MetLife ‘Too Big to Fail’ Case Tests Trump Admin’s Regulatory Agenda

MetLife-Bldg-Steve-Mnuchin-AP-Getty
Richard Drew/AP Photo, SAUL LOEB/AFP/Getty Images

The White House may be on the verge of losing its opportunity to easily prevent a huge expansion of the administrative state.

Back in 2014, the Financial Stability Oversight Council labeled MetLife a “systemically important financial institution,” which means the insurance company would be subject to regulations aimed to rein-in Too Big To Fail bank behemoths. MetLife protested the designation, and a federal district court ruled for the company, calling the FSOC’s designation “fatally flawed.”

The Obama administration appealed the decision to the D.C. Circuit Court of Appeals. The court heard arguments last year, which means a ruling could come any day. With two Obama appointees on the three-judge panel, odds are good that the panel could reverse the earlier decision and restore FSOC’s designation of MetLife as TBTF.

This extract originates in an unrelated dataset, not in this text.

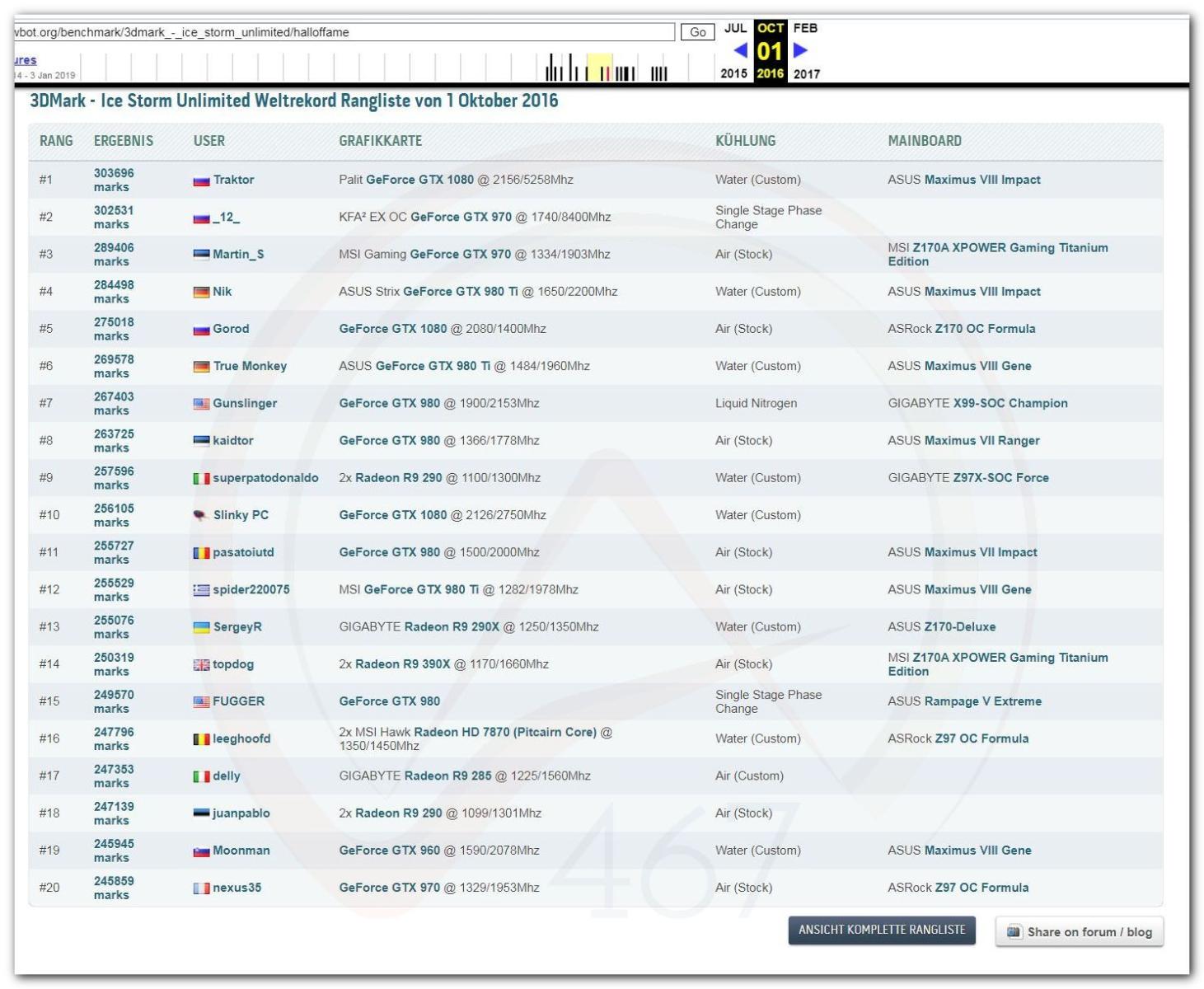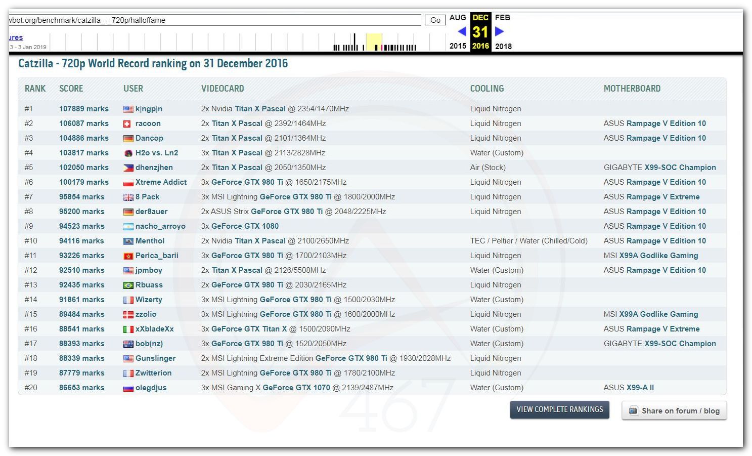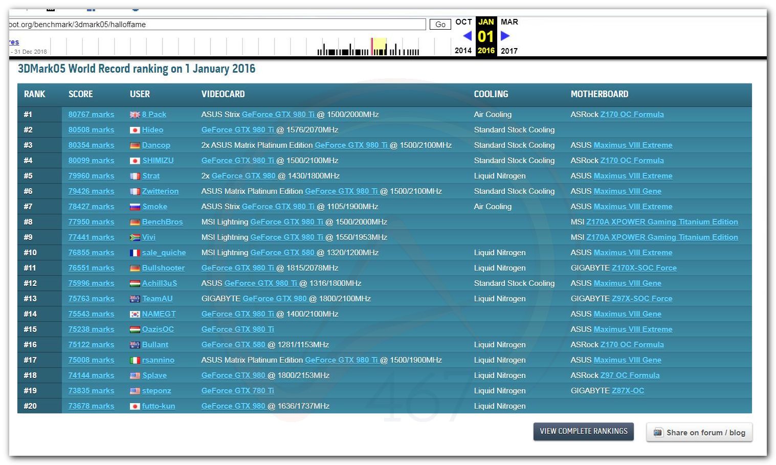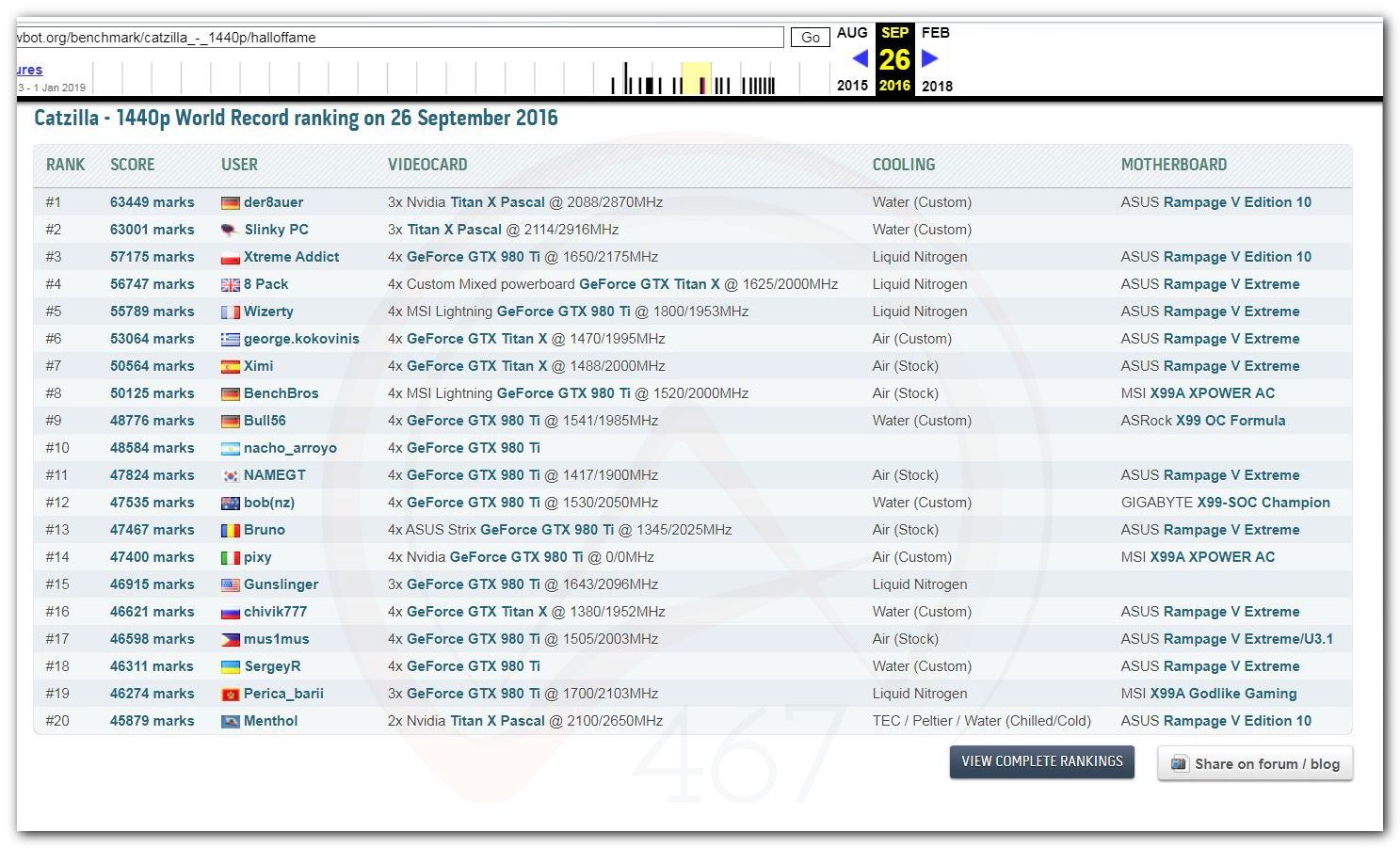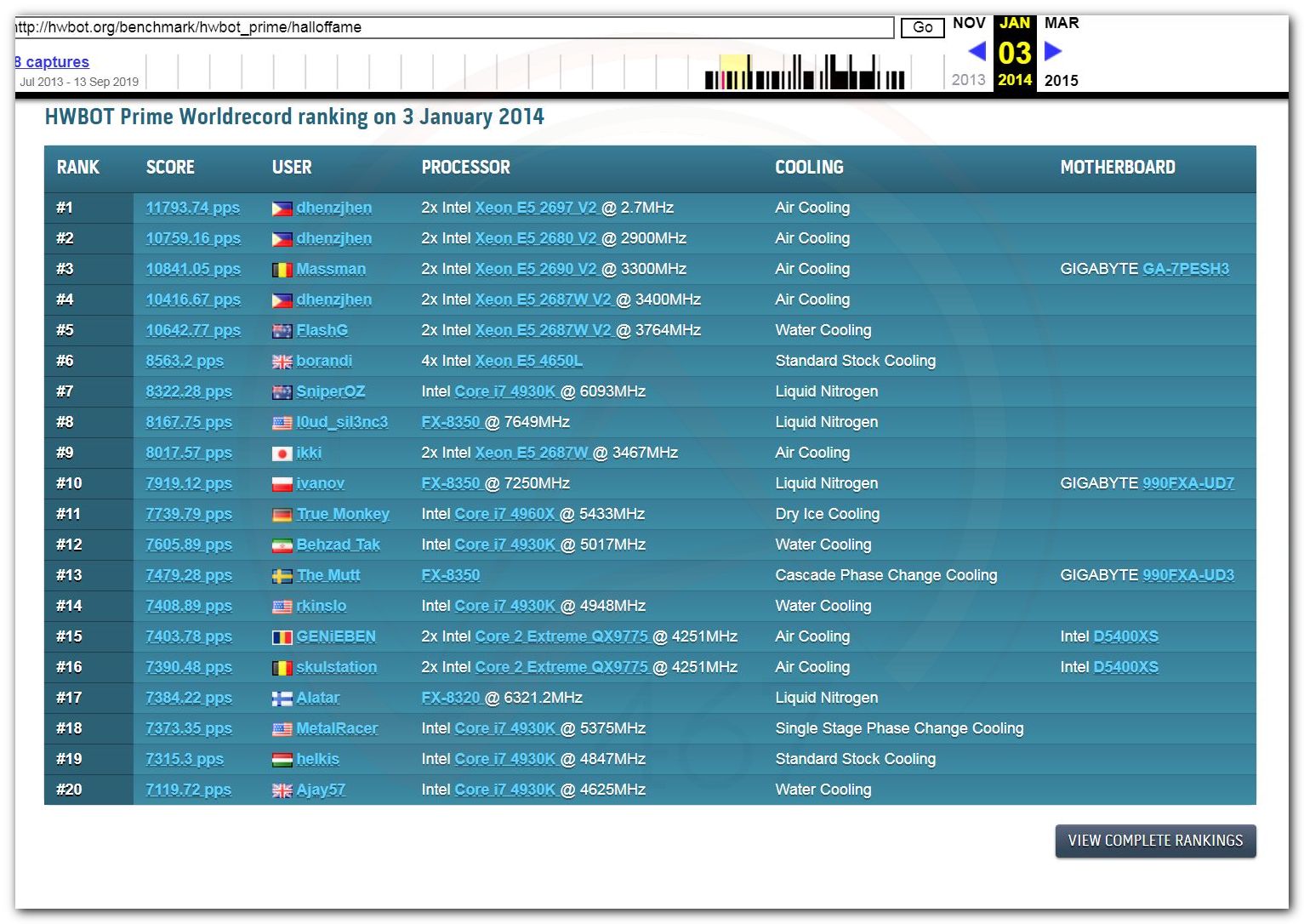 В 2000г. наверное самый бум наступил в момент появления 3DMark2000 и далее 2001, и создания базы этих результатов ORB на сайте MadOnion. В последствии перекочевала на Futuremark.

That would be a clear set-back for the Trump administration’s efforts to rein in the regulatory state and relieve businesses of the cumbersome rules built around the Obama administration’s Dodd-Frank Act, the post-crisis regulatory reform law. It would set a legal precedent that would make it more difficult to revisit the policies many view as enshrining Too Big To Fail rather than combatting it.

It would also be an unforced error. The Trump administration could avoid it by asking the Justice Department to drop the appeal. Treasury Secretary Steve Mnuchin, who now heads FSOC, could inform the DOJ that the council no longer objects to the district court’s ruling.

Dropping an appeal even this late in the process is hardly without precedent. Back in 2009, the incoming Obama administration voluntarily dismissed a Bush administration appeal of a sentencing decision in a drug case. The dismissal meant that the district court’s sentence, which the Bush administration had argued was too lenient, was upheld.

The case has implications that go far beyond MetLife. In striking down the FSOC designation, the district court cited the failure of the council to engage in cost-benefit analysis. In its appeal, FSOC argued that it could ignore the costs of designation because the Dodd-Frank Act did not explicitly require such analysis. If that view prevails at the Appeals Court level, it would make it far more difficult to challenge regulatory action on cost-benefit grounds.

Dropping the appeal presents the Trump administration with an early opportunity to demonstrate the seriousness with which it intends to pursue the principles enunciated in its executive order on regulatory reform. But the clock is ticking.